A Miscalculated Blow

Update: 2025-07-31 16:30 GMT

Just when it seemed that India and the United States were inching closer to finalising a new trade agreement, former US President Donald Trump, now a presidential candidate for 2024, has thrown a spanner in the works. On Wednesday, Trump announced a sweeping imposition of a 25 per cent additional import tariff on Indian goods, effective from August 1. In an unexpected and undiplomatic twist, he also included a penalty— yet unspecified—citing India’s continued purchase of Russian crude oil and military hardware. This announcement, which caught Indian policymakers and exporters off guard, poses significant risks for bilateral trade between the world’s two largest democracies. It underscores not only Trump’s unpredictability but also the deeply transactional nature of his “America First” policy. At its core, a tariff is a tax on imported goods, paid by importers in the US, but eventually passed on to consumers and businesses. When such tariffs are imposed in bulk, as in this case, they essentially disrupt pricing mechanisms and reduce the competitiveness of imported goods. Indian exporters—particularly in sectors like garments, gems and jewellery, telecom equipment, leather, and agroproducts—stand to suffer significant losses. These are mostly labour-intensive industries that employ millions in India, and even a minor reduction in US-bound orders could lead to job losses and dampen rural livelihoods. The severity of the proposed tariff is compounded by Trump’s decision to stack it on top of existing duties. Indian textile exports, for instance, which already face a 6–9 per cent tariff in the US, would now be hit with a cumulative 31–34 per cent duty. With additional penalties on the horizon, India’s value-added exports risk becoming prohibitively expensive in one of its most critical markets.

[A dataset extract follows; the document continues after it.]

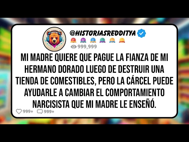 mi madre quiere que pague la fianza de mi hermano dorado luego de destruir una tienda de comestibles pero la cárcel puede ayudarle a cambiar el comportamiento narcisista que mi madre le enseñó no soy mucho de escribir ni siquiera fuera de reddit pero esta historia merece ser compartida según una amiga que me recomendó este lugar Si valió la pena o no ustedes podrán decirme tal vez a alguien más le sirva de advertencia para huir de las dinámicas familiares tóxicas antes de que sea demasiado tarde voy a empezar dándoles un poco de contexto sobre mi infancia no

India’s trade surplus with the US has been a persistent bone of contention in Washington. In 2024–25, India enjoyed a surplus of $41 billion in goods and a further $3.2 billion in services. Trump has long viewed trade deficits as evidence of unfairness. However, this perspective is flawed and ignores the complex ecosystem of modern trade—particularly the fact that the US benefits enormously from services trade, tech partnerships, education exports, and defence deals with India. A recent study by GTRI highlights this nuance: when factoring in revenue from education, financial services, licensing royalties, and digital platforms, the US in fact enjoys a $35–40 billion surplus over India. This broader picture is conveniently ignored in Trump’s narrative, which seeks to frame India as a tariff-happy outlier. In reality, India’s average applied tariff stands at 17 per cent—higher than the US’s 3.3 per cent, yes—but not exceptional when compared to other industrialising economies like South Korea (13.4 per cent) or China (7.5 per cent). Moreover, the US itself imposes punishingly high duties on key imports like dairy (188 per cent), cereals (193 per cent), and beverages and tobacco (150 per cent). So the argument that India alone is protectionist simply does not hold.

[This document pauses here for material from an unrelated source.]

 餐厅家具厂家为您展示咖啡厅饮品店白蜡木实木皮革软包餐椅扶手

What makes Trump’s announcement particularly concerning is its timing. India and the US have been actively negotiating a comprehensive trade pact for the past few years. These tariffs not only undercut that momentum, but also send a troubling signal about the reliability of the US as a trading partner— especially when domestic politics begin to bleed into foreign policy. It also exposes a strategic vulnerability. India must now contend with the possibility that future geopolitical frictions—whether over energy, defence ties with Russia, or broader global alignments— may increasingly attract economic penalties from the US. This underscores the need for India to diversify its export markets, reduce overdependence on single-country trade, and future-proof its global supply chains. The Indian government’s response should be calibrated, not confrontational. This is not the time for retaliatory tariffs, which could trigger a tit-for-tat escalation. Instead, New Delhi must aggressively engage with its American counterparts—across party lines—and reinforce the argument that India is a responsible trade partner, a democratic bulwark in Asia, and a key cog in global manufacturing. At the same time, India must step up its internal reforms—simplifying its tariff structure, boosting manufacturing competitiveness, and strengthening its free trade agreements with other blocs like the EU, ASEAN, and Africa. What’s at stake is not just a few billion dollars in exports, but the credibility of an India-US economic partnership that was painstakingly built over the last two decades. If this partnership is to survive the turbulence of global politics and shifting alliances, it must be based on mutual respect, transparency, and long-term strategic thinking—not impulsive penalties and protectionism. As Trump returns to the campaign trail with a hardline stance, India would do well to remember the unpredictability of dealing with populist leaders. But it must also ensure that its economic diplomacy remains firm, consistent, and aligned with its broader national interest.